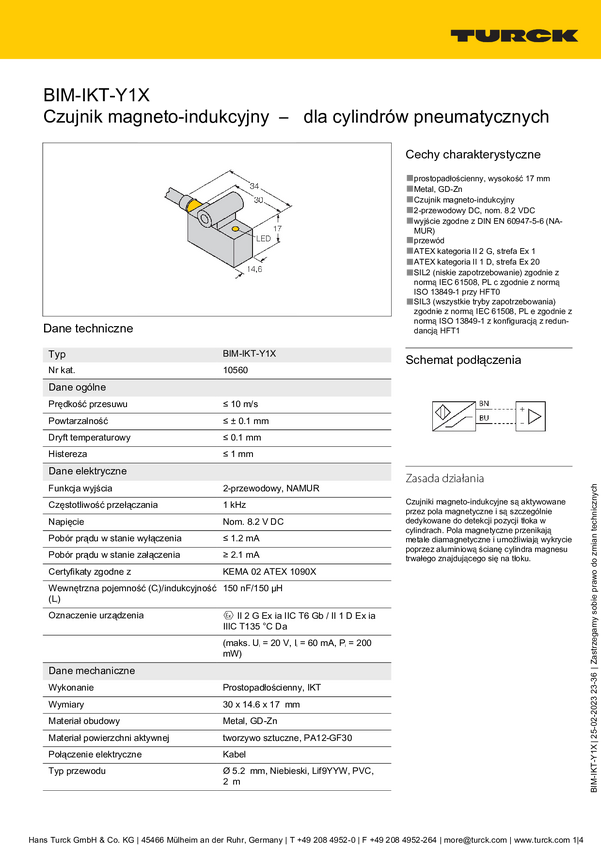 Turck Czujnik pola magnetycznego NAMUR BIM-IKT-Y1X-H1141
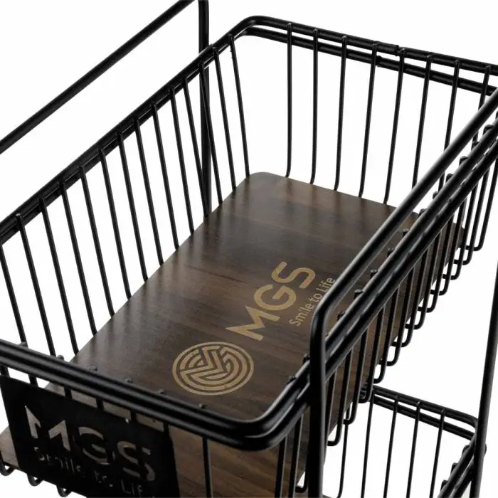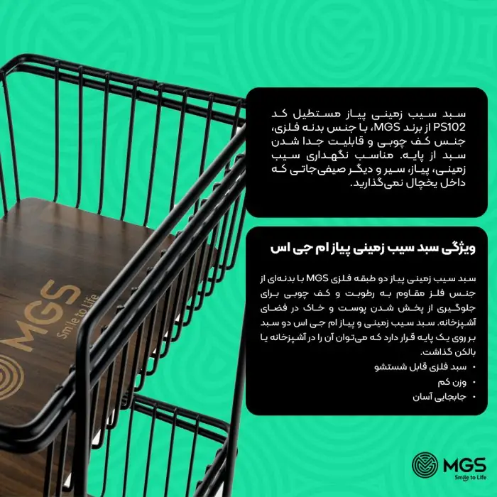 سبد سیب زمینی پیاز دو طبقه فلزی MGS با بدنه‌ای از جنس فلز مقاوم به رطوبت و کف چوبی برای جلوگیری از پخش شدن پوست و خاک در فضای آشپزخانه. سبد سیب زمینی و پیاز ام جی اس دو سبد بر روی یک پایه قرار دارد که می‌توان آن را در آشپزخانه یا بالکن گذاشت.
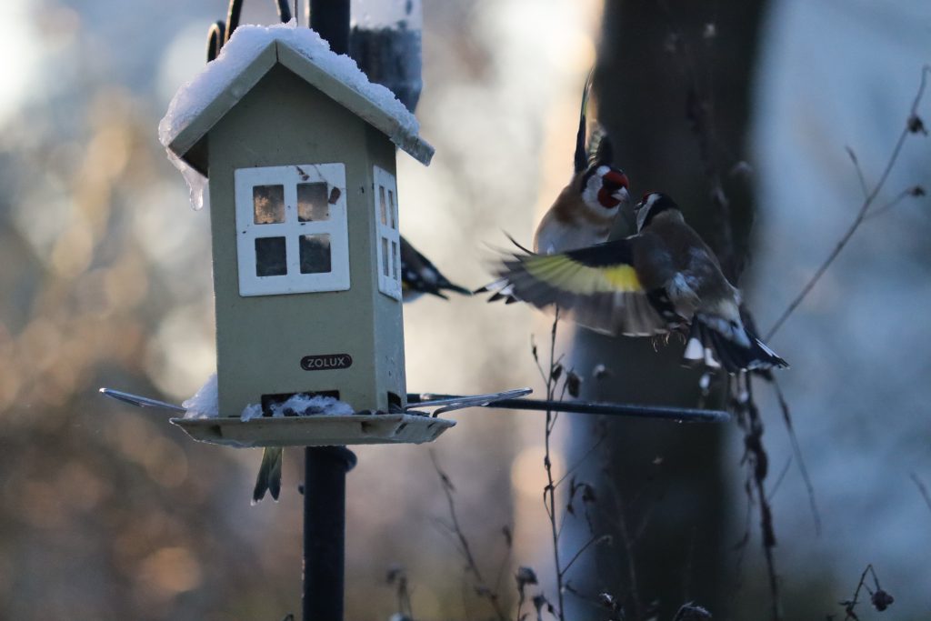 Pendant les vacances de Noël, plusieurs enfants ont eu la chance d’observer des chardonnerets dans leur jardin grâce aux mangeoires qu’ils avaient installé. Par contre, aucun n’a réussi à les prendre en photo. Seule la maitresse a fait quelques photos.
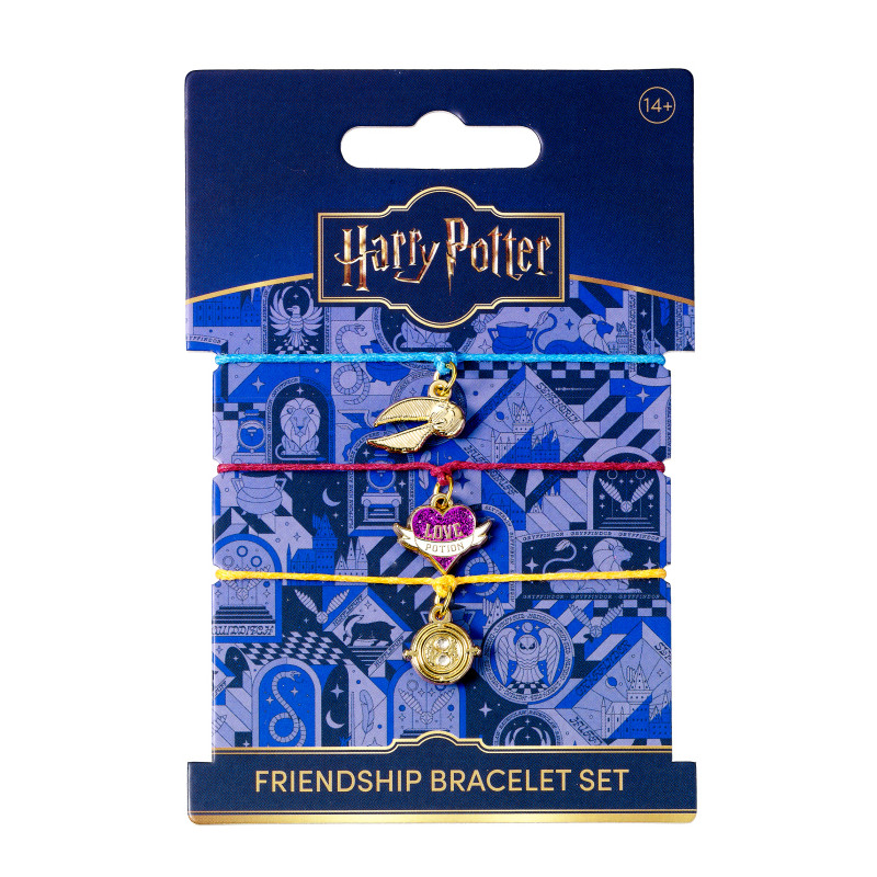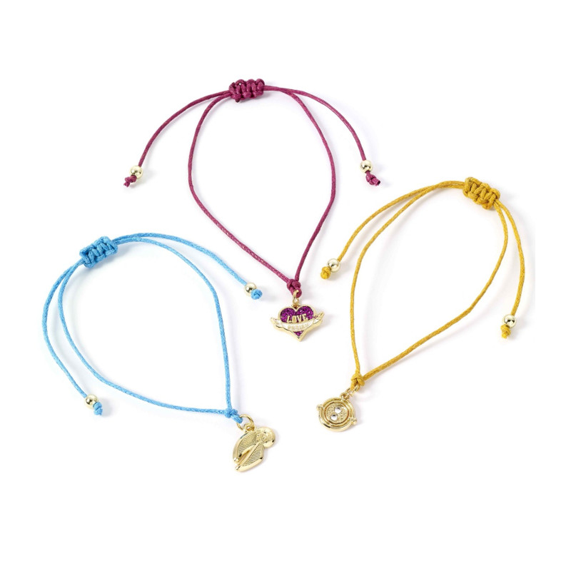 A collectable friendship bracelet set featuring the classic charms of Golden Snitch, Love Potion & Time Turner charm on a nylon cords. Wear them layered and swop with friends.
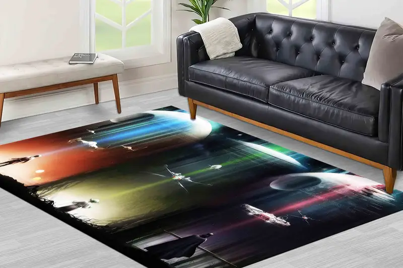 Celestial Galaxy プリント ラグ: モダンで温かみのある宇宙をテーマにした装飾
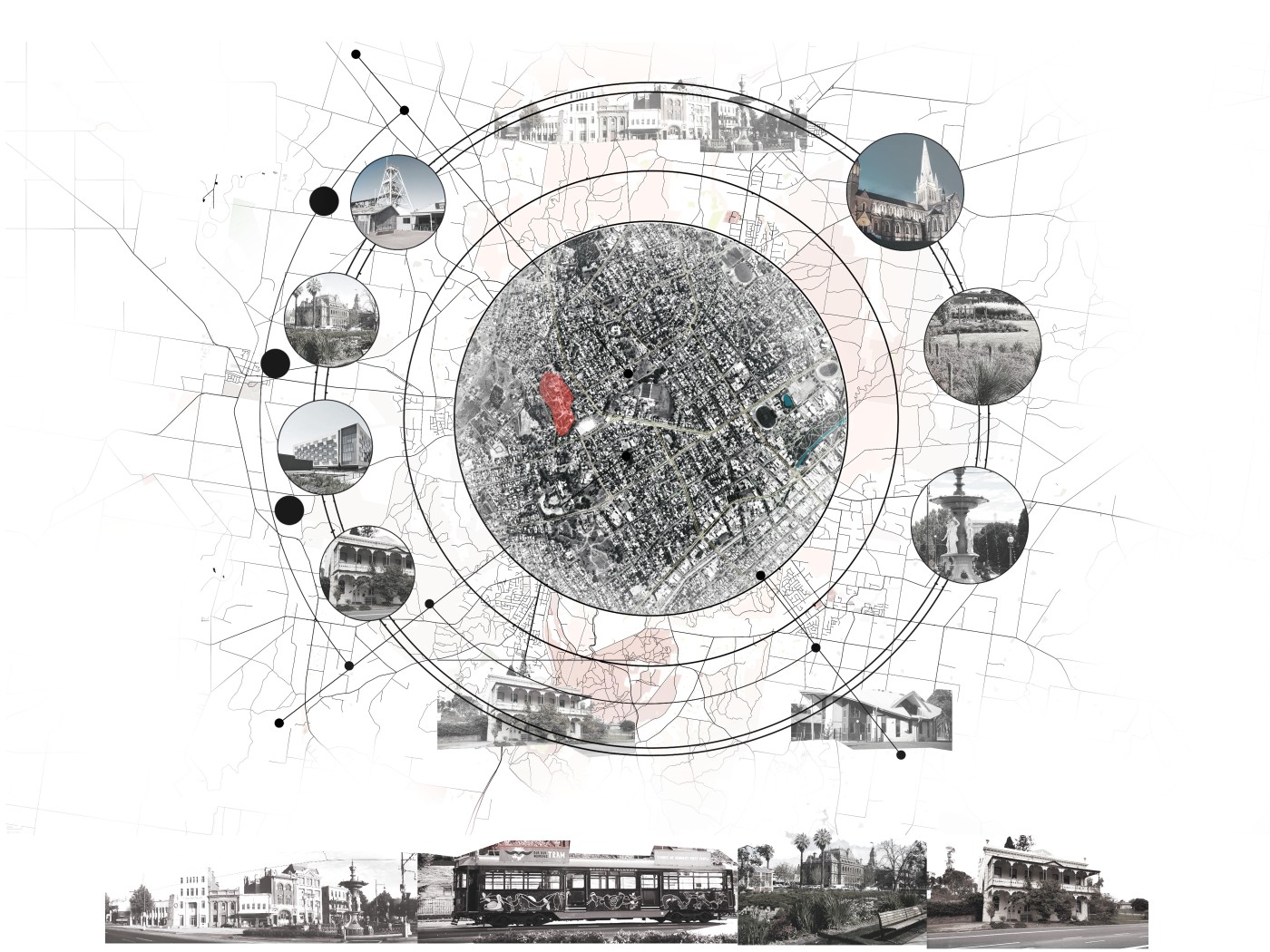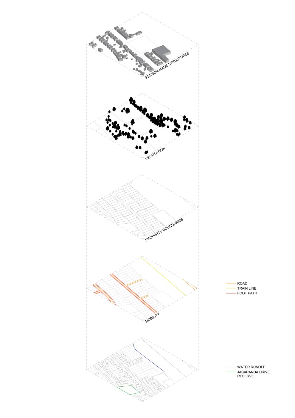 Framing, rearrangement, re-presentation form assemblages tested within a site located in Box Hill. Through techniques of observation, photography, diagramming and iteration the project explores how systems of support unfold in response to existing physical parameters. In turn, exhibiting how this conceptual framework will manifest in multiple vacant sites.
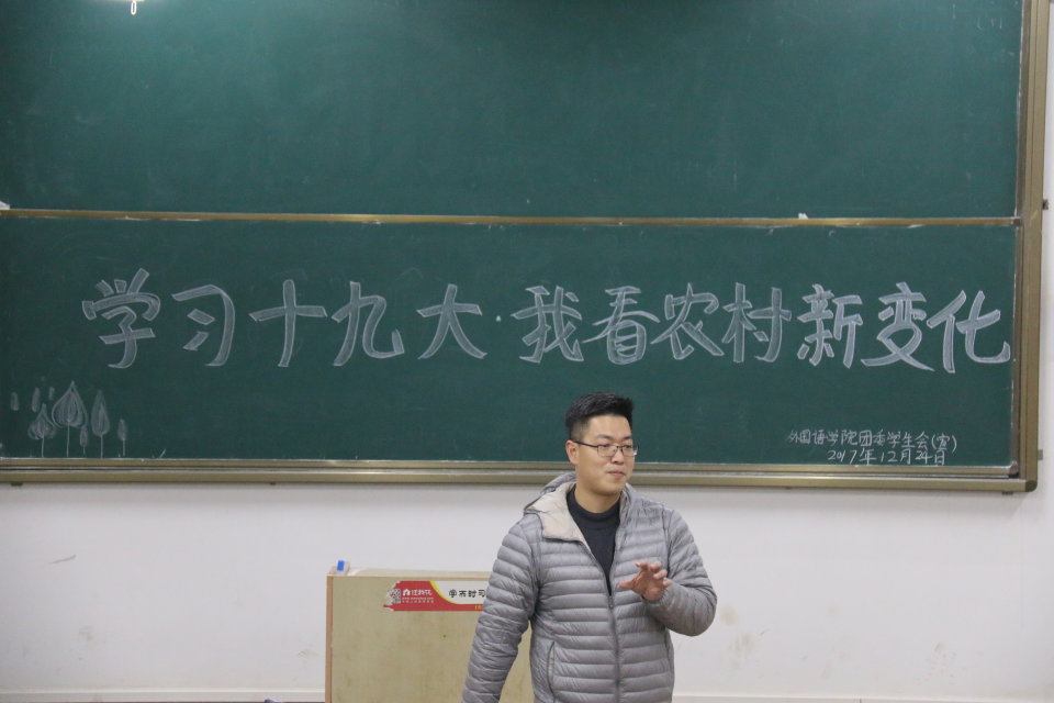 2017年12月24日晚上8点10分,在四栋教学楼04525教室,外国语开元(中国)团委书记钟立军老师利用成长成才课时间举办了一场题为“学习十九大,我看农村新变化”的专题报告。

★ ★ ★ ★ ★ ★ ★

What is needed -
When you come to the line containing "Celestial Galaxy プリント" in the records above, repeat that line and all lines after it exactly, but not the pictures.

Written response -
 Celestial Galaxy プリント ラグ: モダンで温かみのある宇宙をテーマにした装飾
 Framing, rearrangement, re-presentation form assemblages tested within a site located in Box Hill. Through techniques of observation, photography, diagramming and iteration the project explores how systems of support unfold in response to existing physical parameters. In turn, exhibiting how this conceptual framework will manifest in multiple vacant sites.
 2017年12月24日晚上8点10分,在四栋教学楼04525教室,外国语开元(中国)团委书记钟立军老师利用成长成才课时间举办了一场题为“学习十九大,我看农村新变化”的专题报告。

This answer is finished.